**Extracted records**:
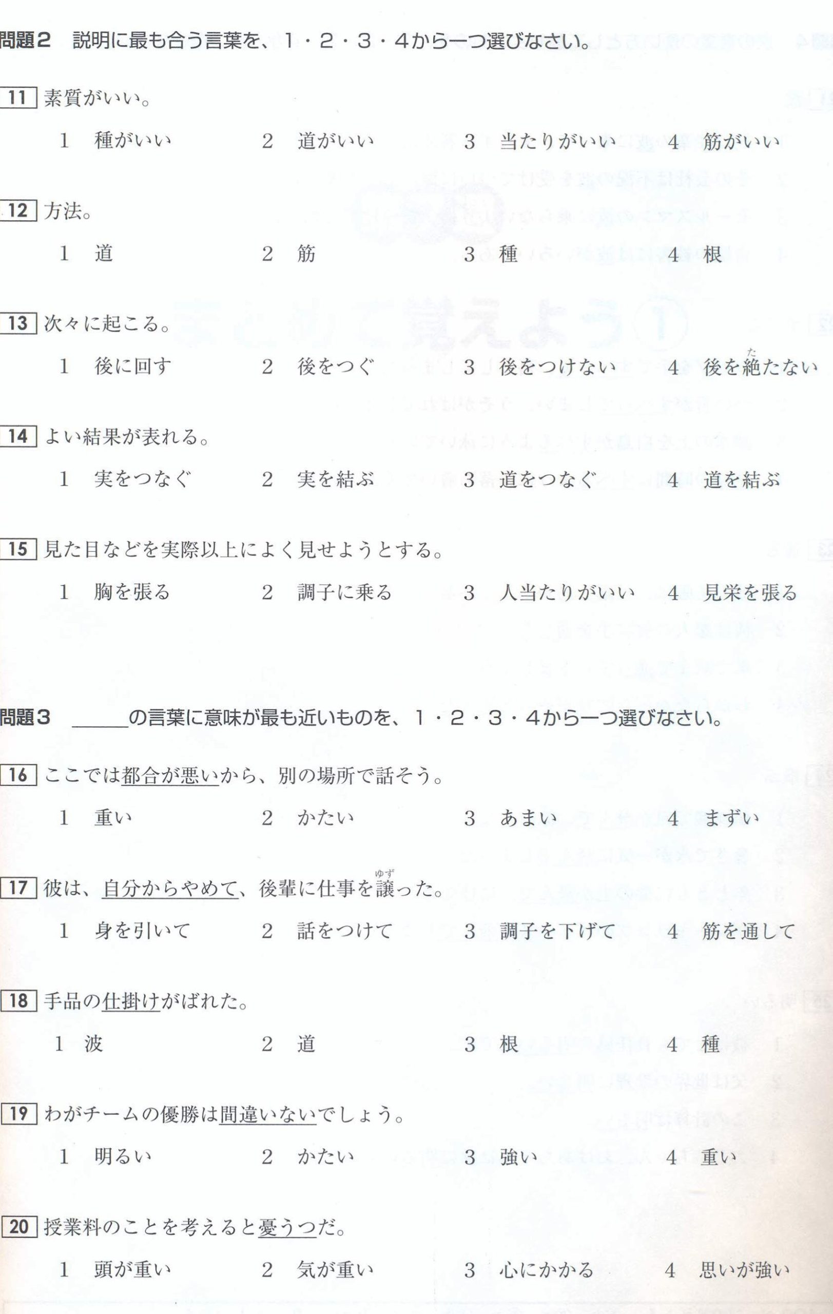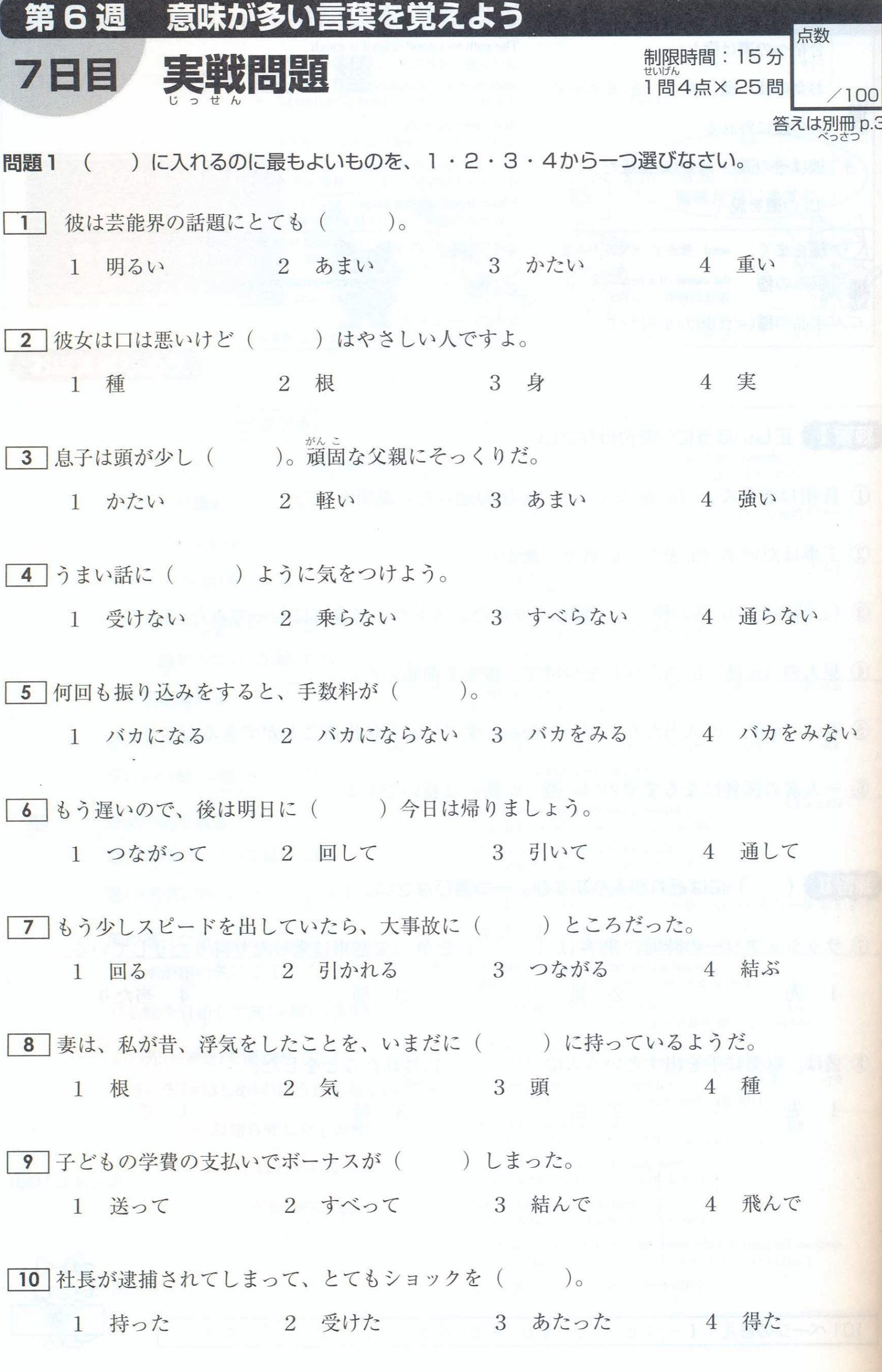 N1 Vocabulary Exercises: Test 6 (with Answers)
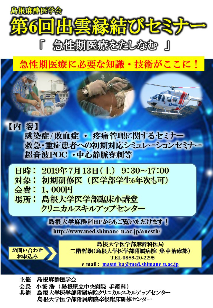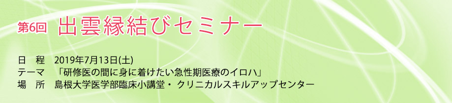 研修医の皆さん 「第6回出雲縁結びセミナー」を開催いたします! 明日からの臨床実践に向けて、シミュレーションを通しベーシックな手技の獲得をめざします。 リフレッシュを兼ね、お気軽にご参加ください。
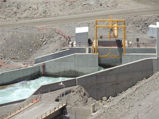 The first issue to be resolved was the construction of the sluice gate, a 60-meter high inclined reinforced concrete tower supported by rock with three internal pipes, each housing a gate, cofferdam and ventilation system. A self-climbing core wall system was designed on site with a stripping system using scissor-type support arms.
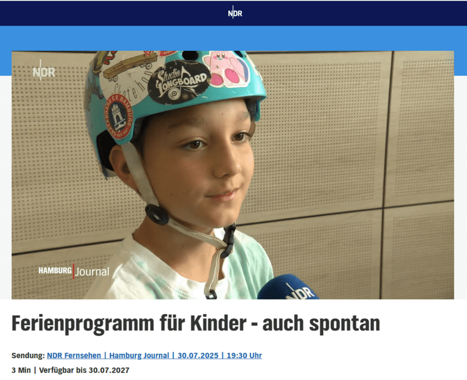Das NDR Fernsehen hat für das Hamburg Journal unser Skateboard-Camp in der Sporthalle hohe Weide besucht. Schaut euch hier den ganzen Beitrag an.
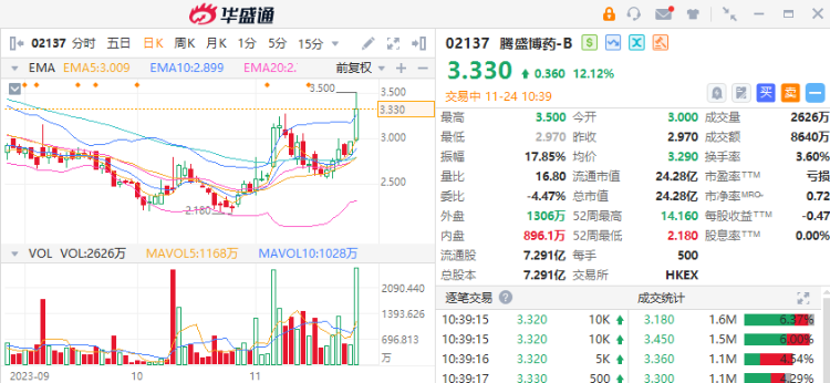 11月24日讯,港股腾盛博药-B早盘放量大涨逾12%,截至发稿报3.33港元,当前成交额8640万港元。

**The problem**: Copy out all the entries exactly. Images stay out of the copy.

**Task answer**:
 N1 Vocabulary Exercises: Test 6 (with Answers)
 研修医の皆さん 「第6回出雲縁結びセミナー」を開催いたします! 明日からの臨床実践に向けて、シミュレーションを通しベーシックな手技の獲得をめざします。 リフレッシュを兼ね、お気軽にご参加ください。
 The first issue to be resolved was the construction of the sluice gate, a 60-meter high inclined reinforced concrete tower supported by rock with three internal pipes, each housing a gate, cofferdam and ventilation system. A self-climbing core wall system was designed on site with a stripping system using scissor-type support arms.
Das NDR Fernsehen hat für das Hamburg Journal unser Skateboard-Camp in der Sporthalle hohe Weide besucht. Schaut euch hier den ganzen Beitrag an.
 11月24日讯,港股腾盛博药-B早盘放量大涨逾12%,截至发稿报3.33港元,当前成交额8640万港元。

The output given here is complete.